→ **What to work on**
Copy out the data word for word. The images are not part of the copy.

→ **Dataset excerpts**
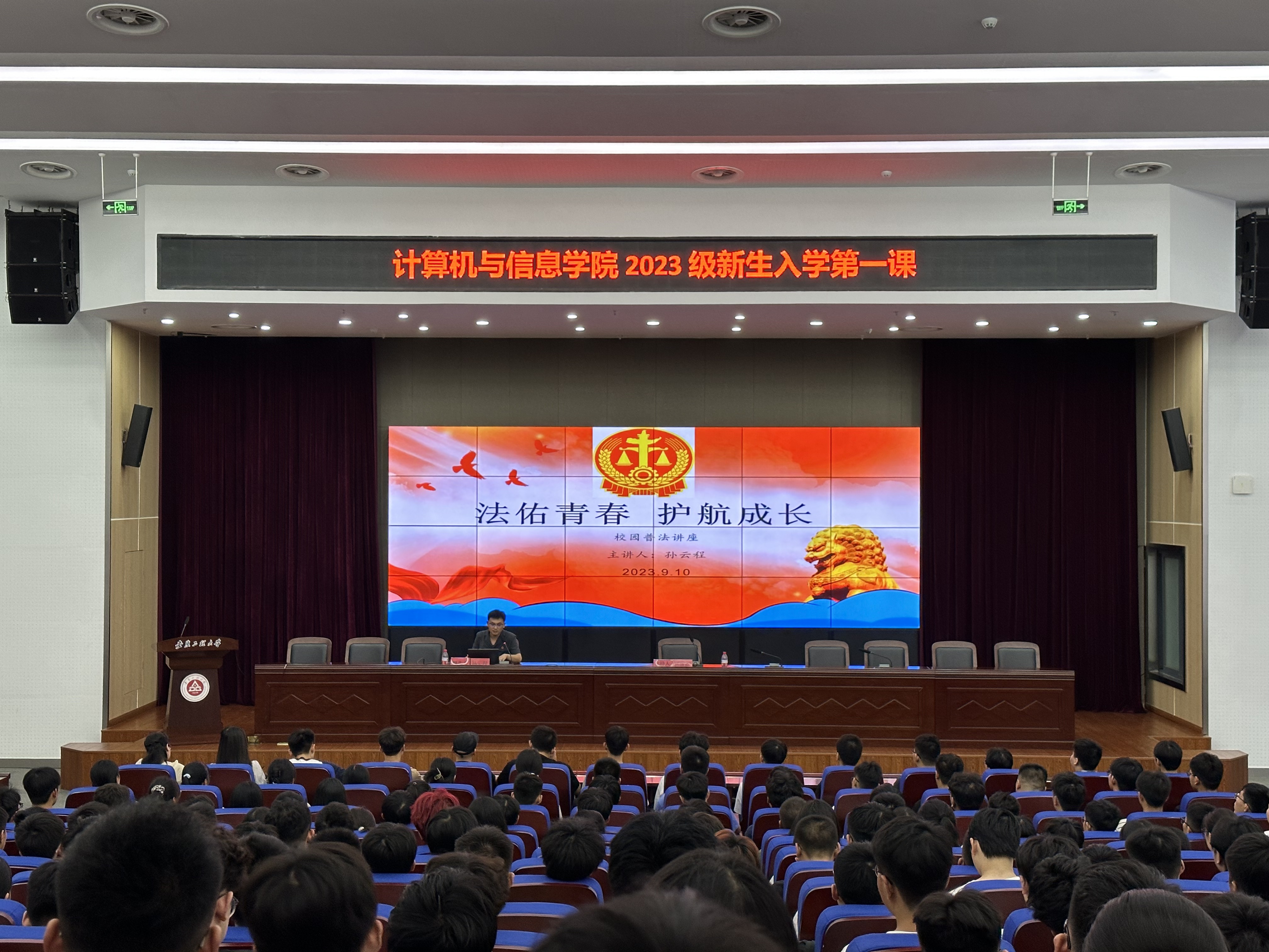 为上好新生入学教育的“第一课”,实现新生角色的快速转变,提升新生思想理论水平、校园法治文化、网络文明素养等,引导学生树立正确的世界观、人生观、价值观,提高综合素质,9月10日,计算机与信息学院2023级新生入校后就体验了一堂“‘E’路同行 青春筑梦”为主题的开学第一课。特别邀请鸠江区法院民二庭庭长孙云程为新生开展防诈骗专题报告。院党委书记李卫东、副书记孙德茹分别围绕入党启蒙教育和新生适应性教育进行讲解。团委书记、新生辅导员和全体2023级新生参加。
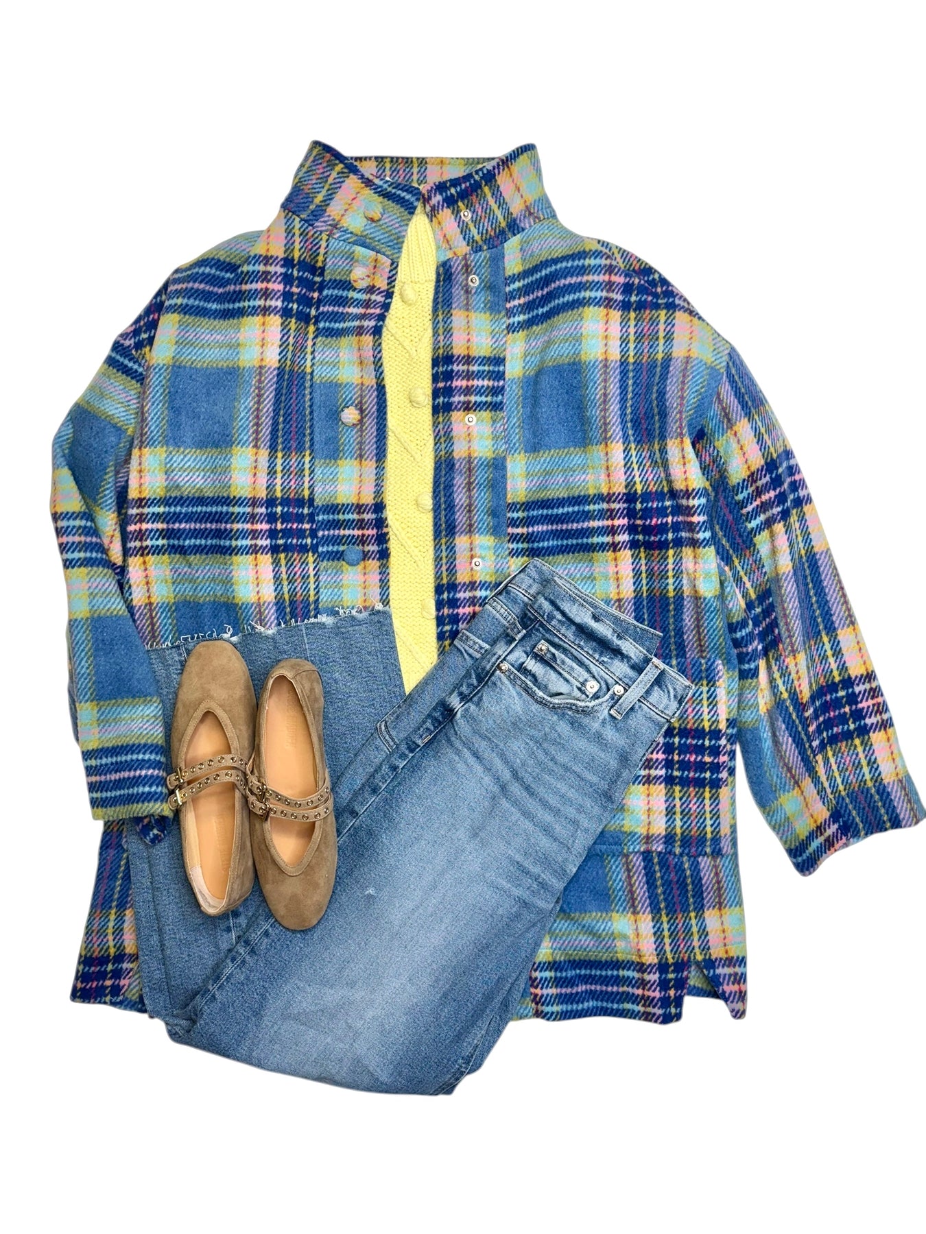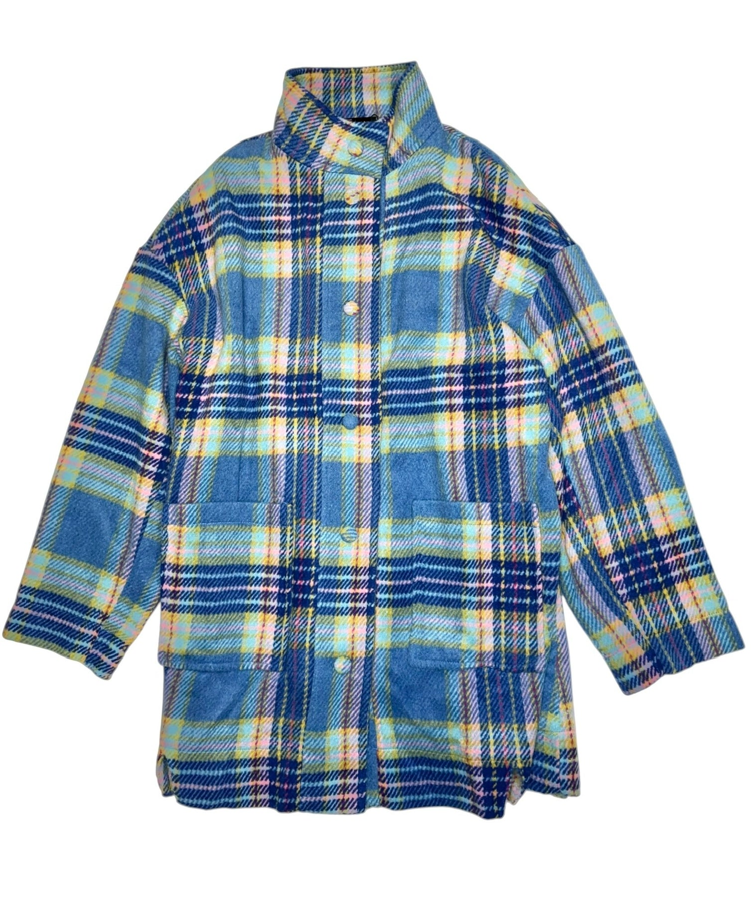 Multicolored plat coat with snap button closesure and blue satin inside.
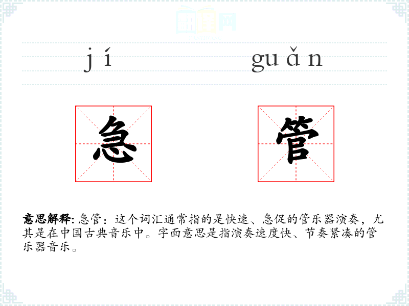急管:这个词汇通常指的是快速、急促的管乐器演奏,尤其是在**古典音乐中。字面意思是指演奏速度快、节奏紧凑的管乐器音乐。
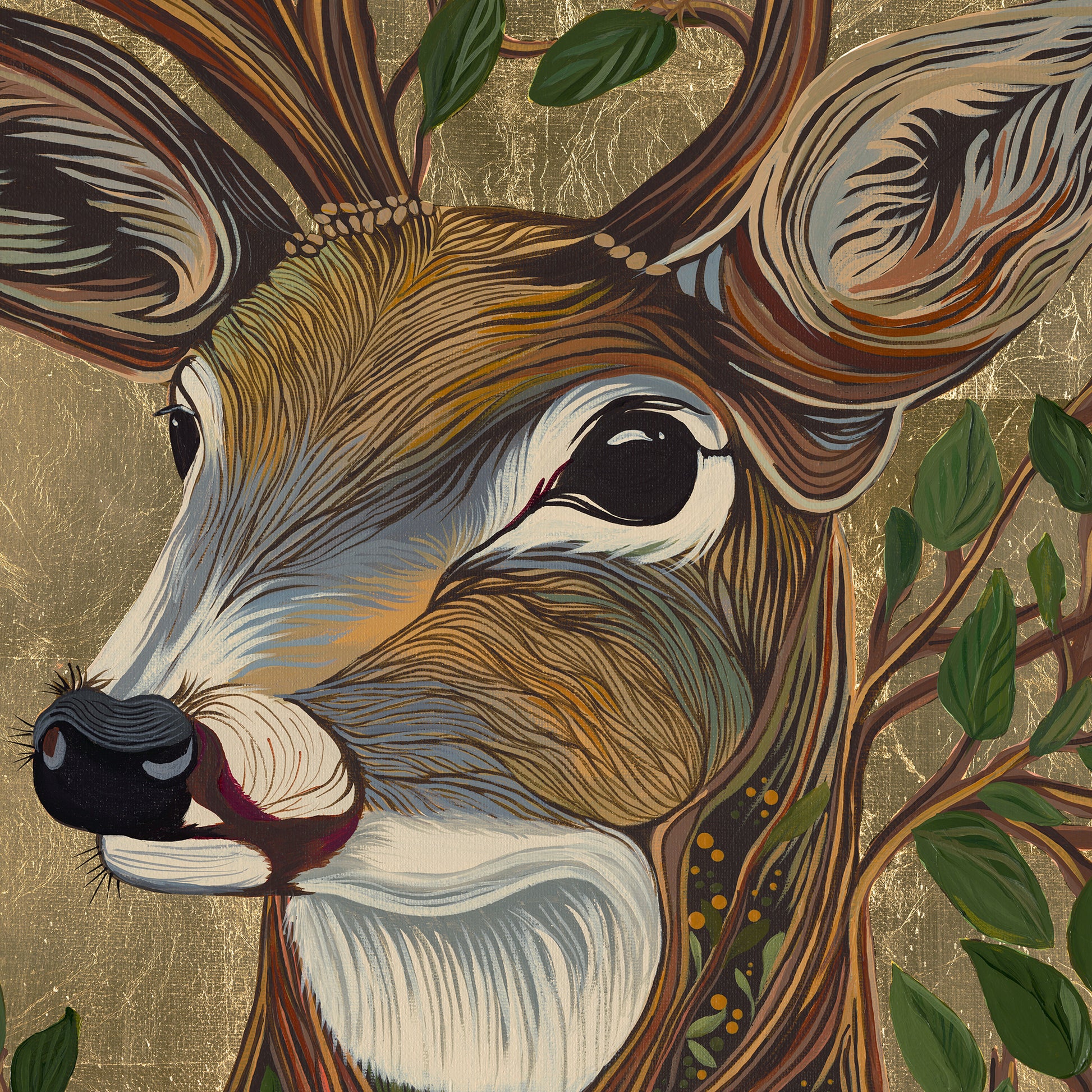 The gold background catches the light softly, adding warmth and depth without demanding attention. Leaves, bark, and feathers bring gentle movement around the figure, but nothing feels hurried or unresolved. This is a painting about presence rather than drama — steady, contained, and quietly confident.
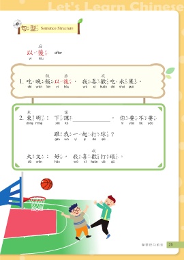 Let's Learn Chinese 句型 Sentence Structure 后 以後 after 以後 飯 后 歡 1. 吃晚飯以後,我喜歡吃水果。 吃晚飯以後 我喜歡吃水果 東 課 2. 東明: 下課 ,你要不要 東明 下課 你要不要 跟我一起打球? 跟我一起打球 歡 大文:好,我喜歡打球。 大文 好 我喜歡打球 學華語向前走 25
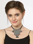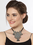 Silver-Toned & Black Brass Silver-Plated Choker Necklace

→ **Reply**
 为上好新生入学教育的“第一课”,实现新生角色的快速转变,提升新生思想理论水平、校园法治文化、网络文明素养等,引导学生树立正确的世界观、人生观、价值观,提高综合素质,9月10日,计算机与信息学院2023级新生入校后就体验了一堂“‘E’路同行 青春筑梦”为主题的开学第一课。特别邀请鸠江区法院民二庭庭长孙云程为新生开展防诈骗专题报告。院党委书记李卫东、副书记孙德茹分别围绕入党启蒙教育和新生适应性教育进行讲解。团委书记、新生辅导员和全体2023级新生参加。
 Multicolored plat coat with snap button closesure and blue satin inside.
急管:这个词汇通常指的是快速、急促的管乐器演奏,尤其是在**古典音乐中。字面意思是指演奏速度快、节奏紧凑的管乐器音乐。
 The gold background catches the light softly, adding warmth and depth without demanding attention. Leaves, bark, and feathers bring gentle movement around the figure, but nothing feels hurried or unresolved. This is a painting about presence rather than drama — steady, contained, and quietly confident.
 Let's Learn Chinese 句型 Sentence Structure 后 以後 after 以後 飯 后 歡 1. 吃晚飯以後,我喜歡吃水果。 吃晚飯以後 我喜歡吃水果 東 課 2. 東明: 下課 ,你要不要 東明 下課 你要不要 跟我一起打球? 跟我一起打球 歡 大文:好,我喜歡打球。 大文 好 我喜歡打球 學華語向前走 25
 Silver-Toned & Black Brass Silver-Plated Choker Necklace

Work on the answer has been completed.